Page MenuHomePhabricator

scs-c1-eqiad CPU usage over 85%
Closed, ResolvedPublic

Description

Since 01:08 UTC, scs-c1-eqiad reports a CPU usage at 100% as it can be seen in librenms: https://librenms.wikimedia.org/device/device=158/tab=health/metric=processor/

CPU usage suddenly went from a 15% on average to a 100%

Event Timeline

Restricted Application added a subscriber: Aklapper. · View Herald Transcript

Mentioned in SAL (#wikimedia-operations) [2019-11-12T16:21:02Z] <XioNoX> reboot scs-c1-eqiad.mgmt.eqiad.wmnet - T238036

PID USER      PR  NI  VIRT  RES  SHR S %CPU %MEM    TIME+  COMMAND    
1855 root      20   0  4576 2084  876 S  2.7  0.8  26623:27 portmanager

did a kill -9 portmanager just in case but it didn't change anything (the process restarted with the same 2% CPU load).
Then killed snmpd, which lower the CPU for a bit but then went back up.
Trying a reboot.

ayounsi claimed this task.

CPU is back to normal.

ayounsi removed ayounsi as the assignee of this task.
ayounsi triaged this task as High priority.
ayounsi edited projects, added DC-Ops; removed netops.

This has been alerting since a few days ago. It might be worth following up with the vendor instead of rebooting the console servers every few months.

Cmjohnson added subscribers: RobH, Cmjohnson.

@ayounsi I am not sure if there is a vendor to follow up with on this. checking with @RobH

Mentioned in SAL (#wikimedia-operations) [2020-09-02T19:12:46Z] <robh> updating firmware on scs-c1-eqiad via T238036

Mentioned in SAL (#wikimedia-operations) [2020-09-02T19:14:52Z] <robh> updating firmware on scs-c1-eqiad via T238036

scs-a1-eqiad firmware was 3.16.6u4, newest stable at this time is 4.9.0u1, updating

Mentioned in SAL (#wikimedia-operations) [2020-09-02T19:20:14Z] <robh> scs-c1-eqiad firmware update complete and back online T238036

RobH removed RobH as the assignee of this task.

Firmware updated to the newest version.
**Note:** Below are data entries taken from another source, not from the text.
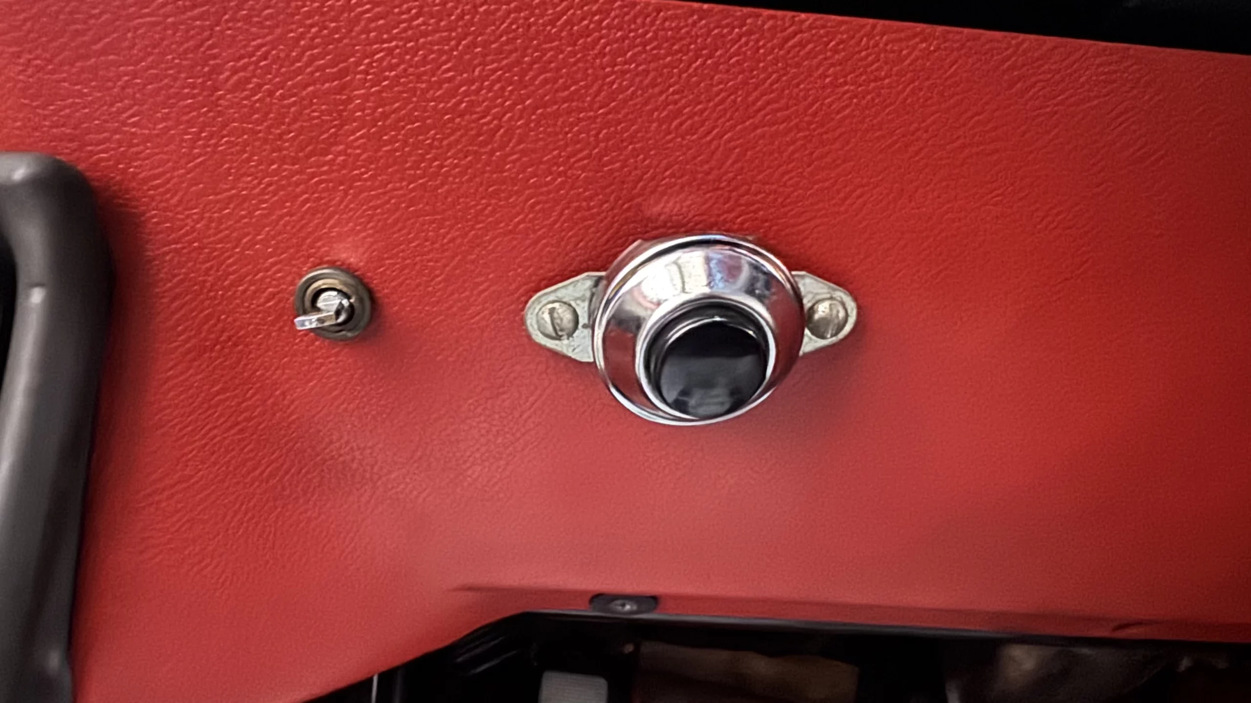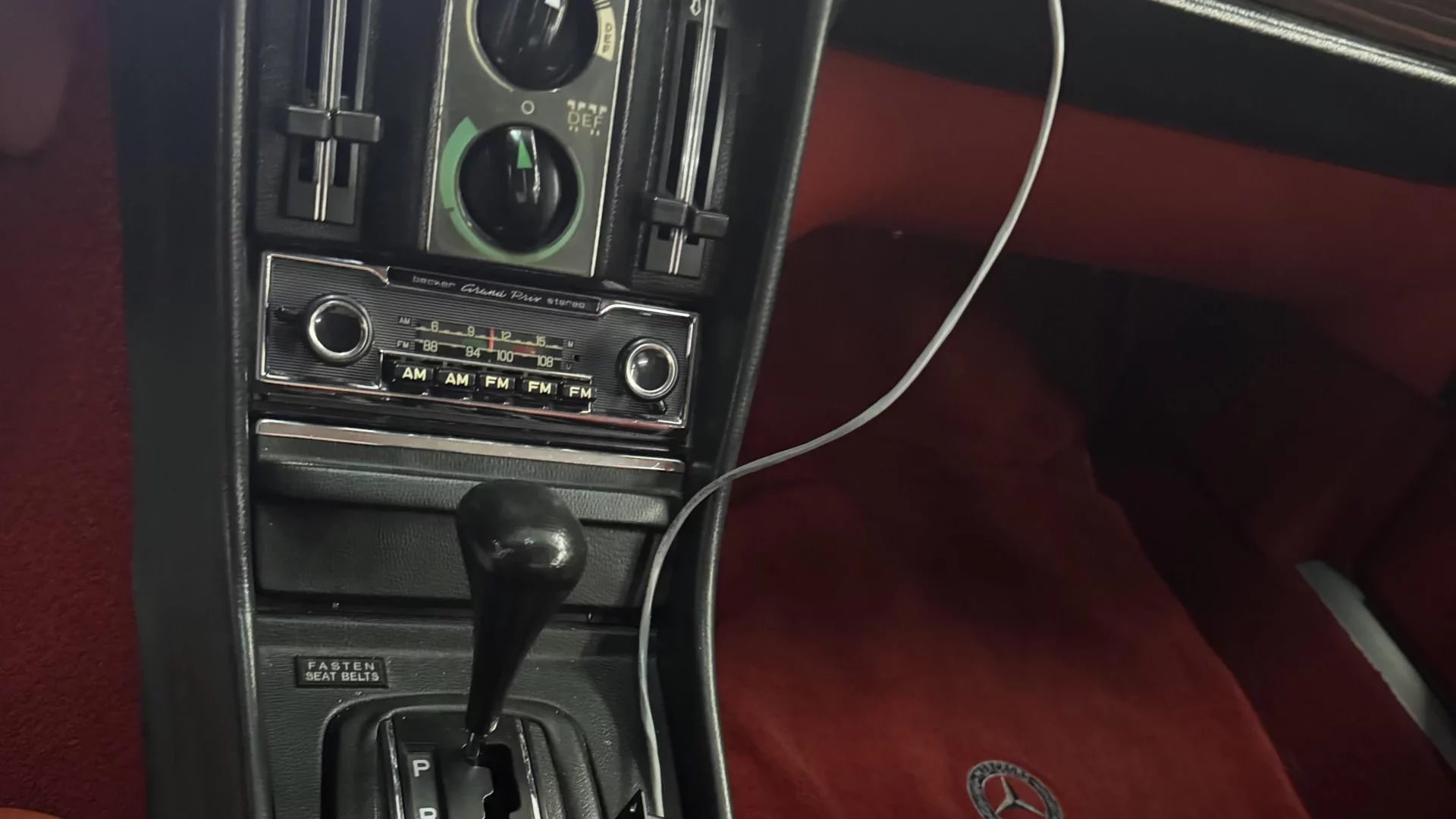 If anything, the interior looks even better than the exterior, with the contrasting red leather being the perfect color choice for a white car. I see no wear anyplace, and the car still has its original Becker radio. The only flaw I could detect was the weird addition of an aftermarket horn button. Personally, I would do away with this immediately.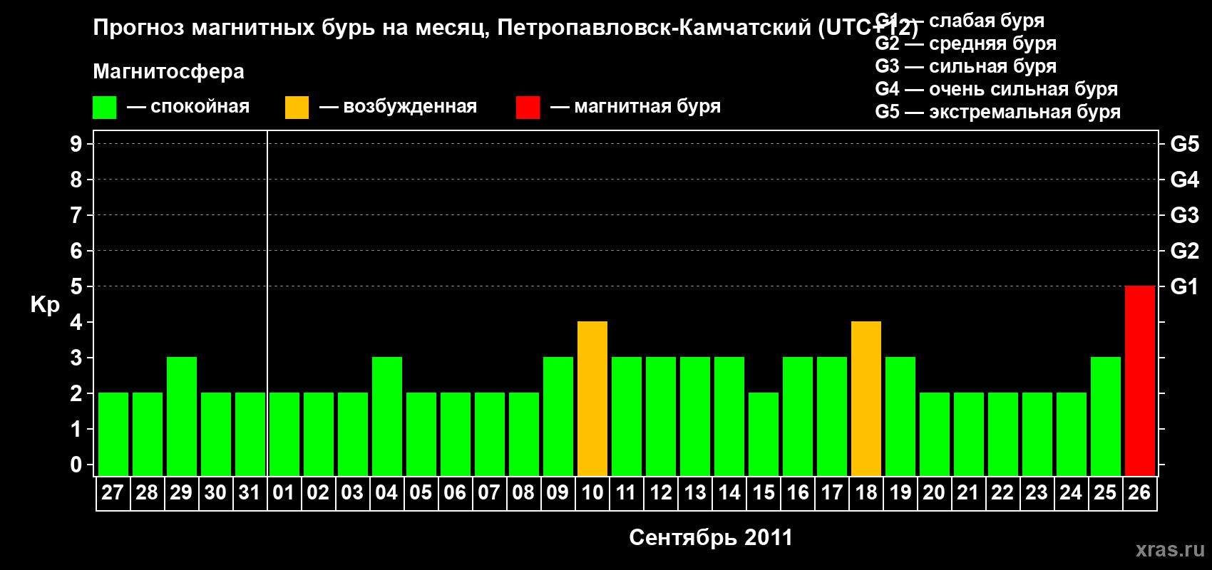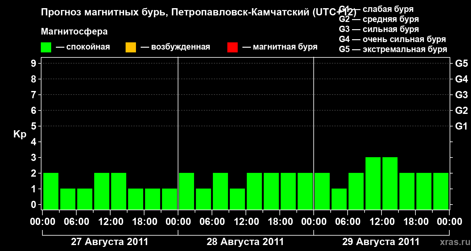 Прогноз магнитных бурь Петропавловске-Камчатском — 27 августа 2011 года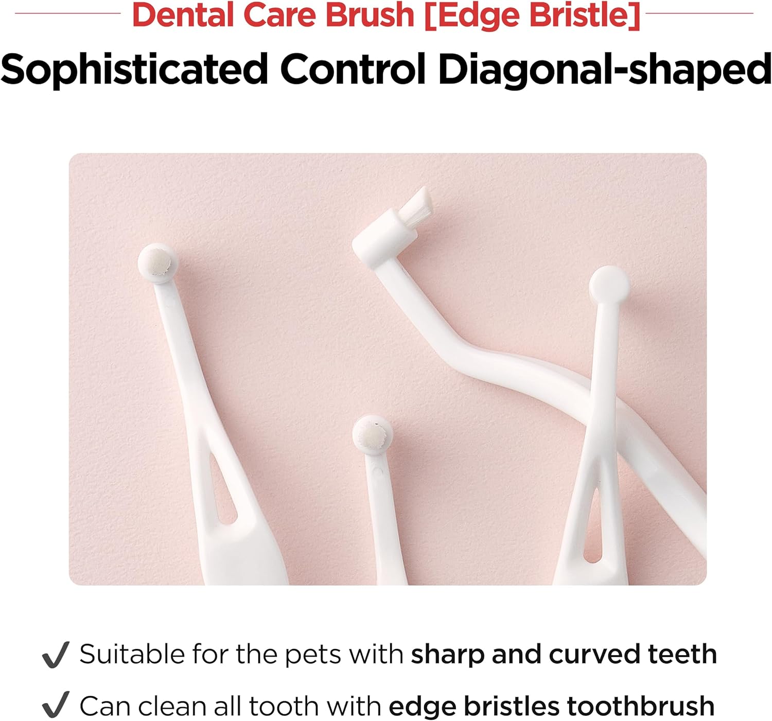 • Sophisticated Control - Our ergonomic fit horizontal toothbrush is suitable for petโ€™s sharp & curved teeth. The diagonal shape of the bristle minimizes possible damage to the gum.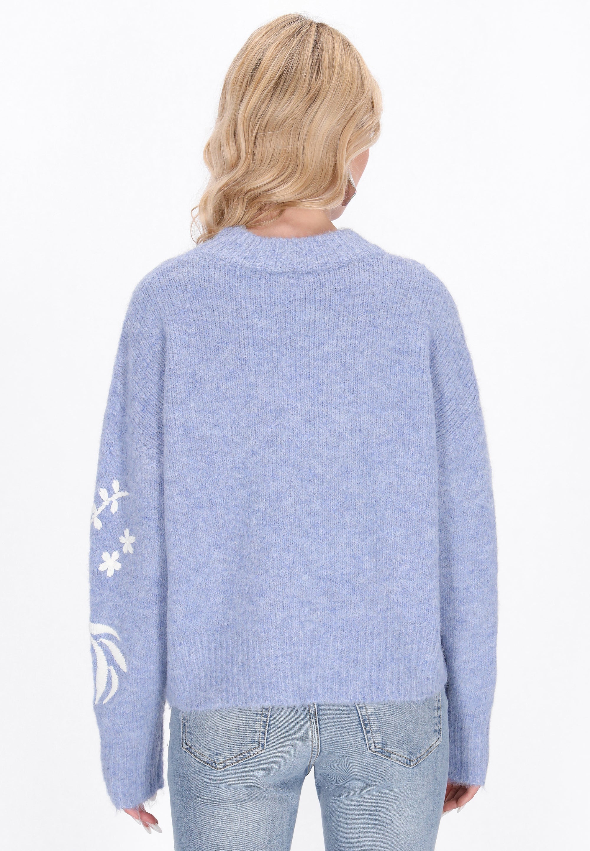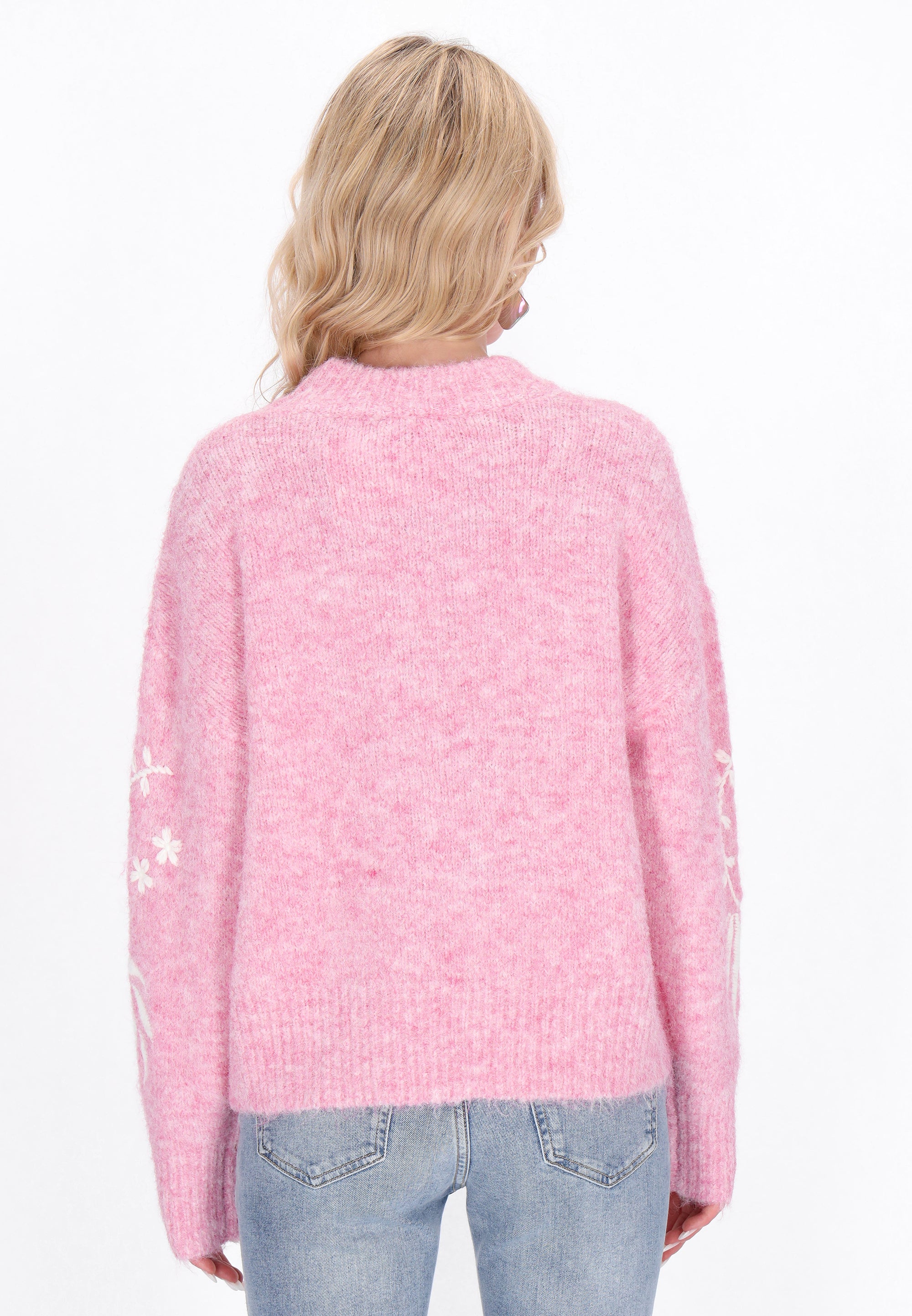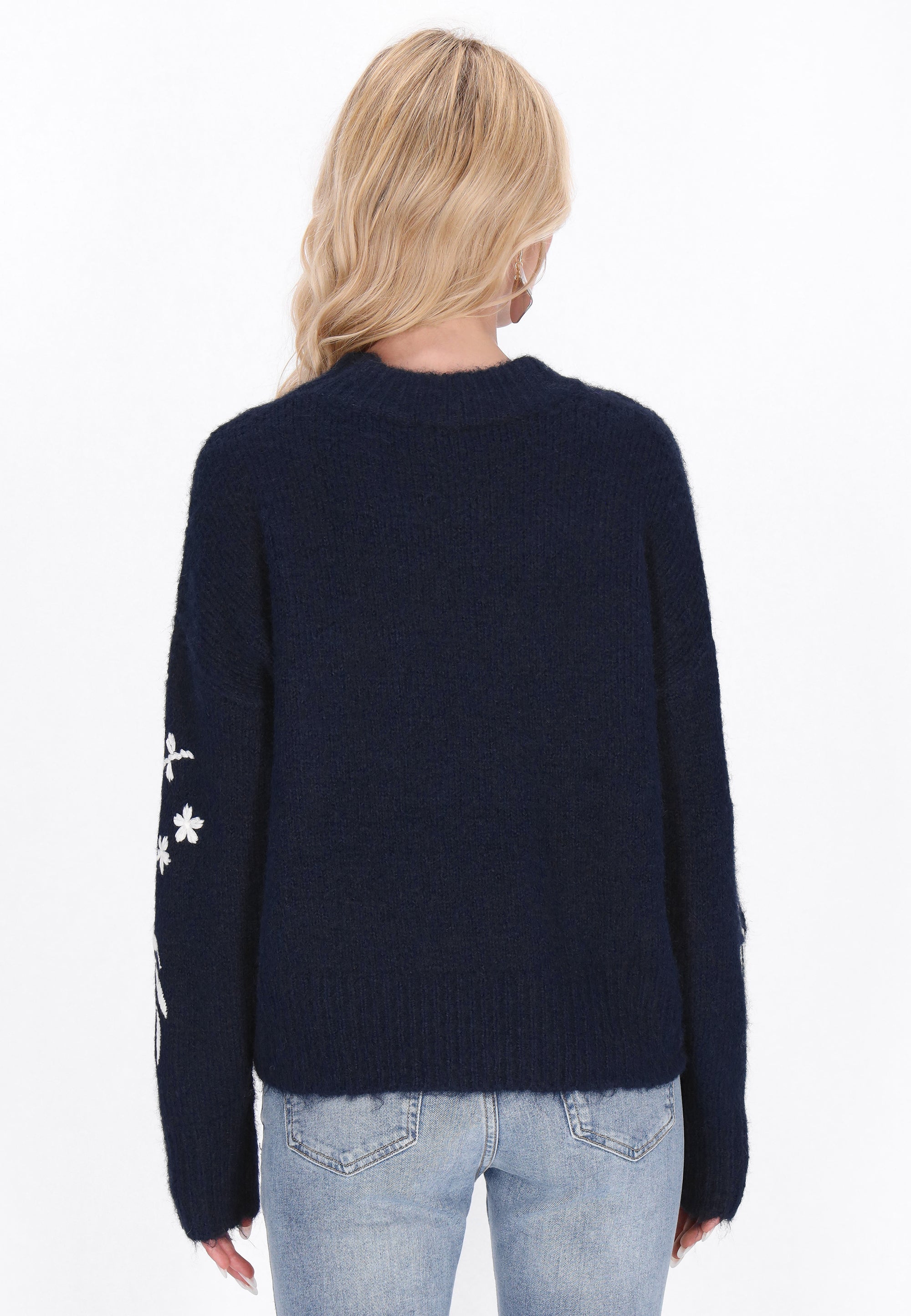 Nadaj swojemu codziennemu wyglądowi boho, bohemyjski klimat dzięki temu unikalnemu swetrowi z kolekcji Fashion Look. Wykonany z miękkiej dzianiny, charakteryzuje się luźnym krojem i opuszczonymi ramionami dla komfortu i swobody ruchów. Okrągły dekolt i długie rękawy sprawiają, że jest idealnym wyborem na chłodniejsze dni. Subtelne kwiatowe hafty dodają uroku, pięknie uzupełniając strukturę dzianiny i nadając elementowi wyraźny, kobiecy akcent. Idealny do codziennego noszenia — wygodny, przytulny i stylowy, doskonale uzupełnia luźny, boho styl.

If it happens again, we can reopen and investigate with OpenGear.

So the firmware on scs-c1-codfw is 4.5.0, current release is 4.9.0, upgrading now.

Mentioned in SAL (#wikimedia-operations) [2020-10-13T18:01:47Z] <robh> scs-c1-codfw firmware update via T238036

Mentioned in SAL (#wikimedia-operations) [2020-10-13T18:09:42Z] <robh> scs-c1-codfw mgmt firmware updated, updating scs-a1-codfw T238036

I've successfully upgraded the scs firmware fleetwide, with the exception of two devices:

  • future-scs-a8-eqiad - new CM7148, cannot upgrade until its racked in place of the older model its replacing.
RobH claimed this task.

If this happens again on any scs device, other than scs-a8-eqiad, it means the firmware update to 4.9.0u1 (fleetwide) doesn't fix the CPU spike issue.

So far when a firmware update is applied to any scs, that scs hasn't spiked again, BUT the spikes are not exactly regular or easily reproduced so who knows.

RobH removed RobH as the assignee of this task.Oct 14 2020, 4:25 PM

I am not sure what needs to be done with this task. There really isn't anything actionable other than to replace the scs with something else.

Next step is to open a ticket with the vendor if possible.

https://netbox.wikimedia.org/dcim/devices/1955/ was purchased on 2017-10-01, and has a 4 year warranty, expiring on 2021-10-01.

https://opengear.com/support/contact-tech-support

A support ticket can be opened without calling, to provide details. I'll leave the ticket opening to either @Cmjohnson or @Jclark-ctr, but they should do so before the warranty expires!

A ticket has been submitted

Your request (#82025) has been received, and is being reviewed by our support staff.

For questions concerning Opengear's Console Server products, please submit a support report if you have not already done so.

To generate a support report, go to the web interface of the Opengear Console Server. In the left hand menu groups go to the Status group and click on Support Report. Copy and paste the entire contents into a .txt file and attach to a reply to this e-mail.

To review the status of the request and add additional comments, follow the link below:
http://opengear.zendesk.com/hc/requests/82025

Sent the requested report to their tech support team.

Opengear's response was for me to update the f/w. It appears to be a newer version than the one Robh had installed.
The newest version is cm71xx-4.11.0.flash and has been installed. I will resolve this task for now, if the error returns please open task.